» **Requirement**
The material below holds the lines to copy: from the one with "Personalized Cute Cartoon" up to and including the one with "Saturday Evening Puss". Copy them exactly and skip the pictures.

» **The data**

════════════════════

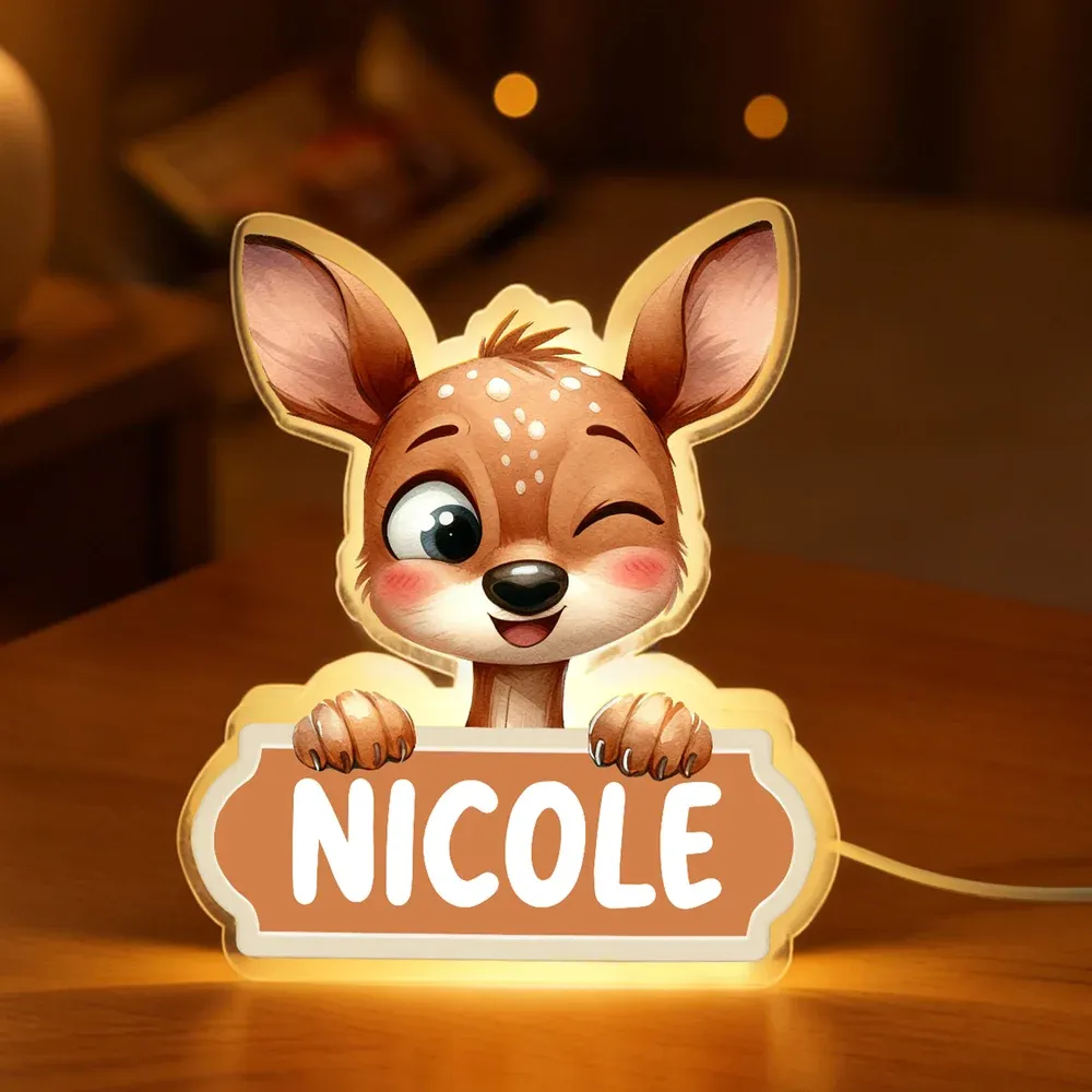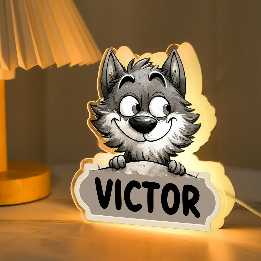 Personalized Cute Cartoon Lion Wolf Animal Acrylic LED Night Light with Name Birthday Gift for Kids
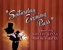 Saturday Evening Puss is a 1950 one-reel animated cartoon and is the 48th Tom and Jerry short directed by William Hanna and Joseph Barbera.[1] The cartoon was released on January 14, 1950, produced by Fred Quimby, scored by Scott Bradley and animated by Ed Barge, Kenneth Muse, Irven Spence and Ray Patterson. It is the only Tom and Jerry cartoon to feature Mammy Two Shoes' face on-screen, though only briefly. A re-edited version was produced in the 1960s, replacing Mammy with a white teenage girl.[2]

════════════════════

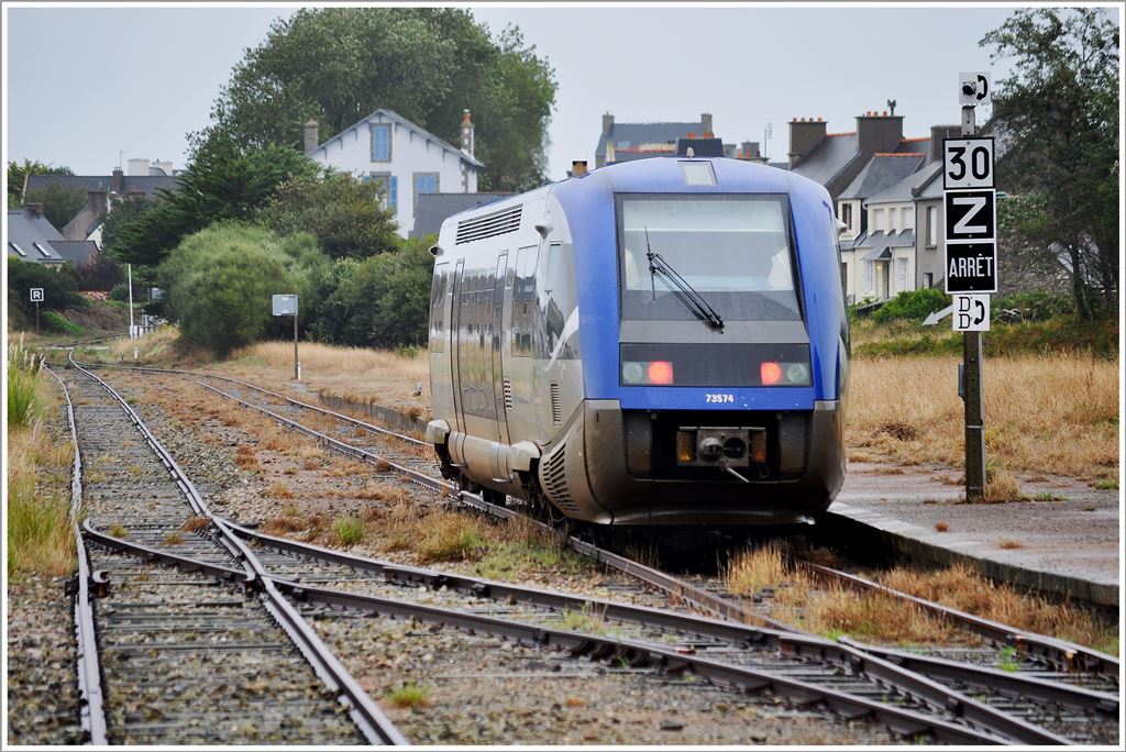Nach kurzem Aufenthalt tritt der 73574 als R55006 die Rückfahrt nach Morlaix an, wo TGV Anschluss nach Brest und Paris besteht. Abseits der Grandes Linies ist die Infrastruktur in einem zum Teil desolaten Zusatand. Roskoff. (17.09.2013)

════════════════════

» **Reply**
 Personalized Cute Cartoon Lion Wolf Animal Acrylic LED Night Light with Name Birthday Gift for Kids
 Saturday Evening Puss is a 1950 one-reel animated cartoon and is the 48th Tom and Jerry short directed by William Hanna and Joseph Barbera.[1] The cartoon was released on January 14, 1950, produced by Fred Quimby, scored by Scott Bradley and animated by Ed Barge, Kenneth Muse, Irven Spence and Ray Patterson. It is the only Tom and Jerry cartoon to feature Mammy Two Shoes' face on-screen, though only briefly. A re-edited version was produced in the 1960s, replacing Mammy with a white teenage girl.[2]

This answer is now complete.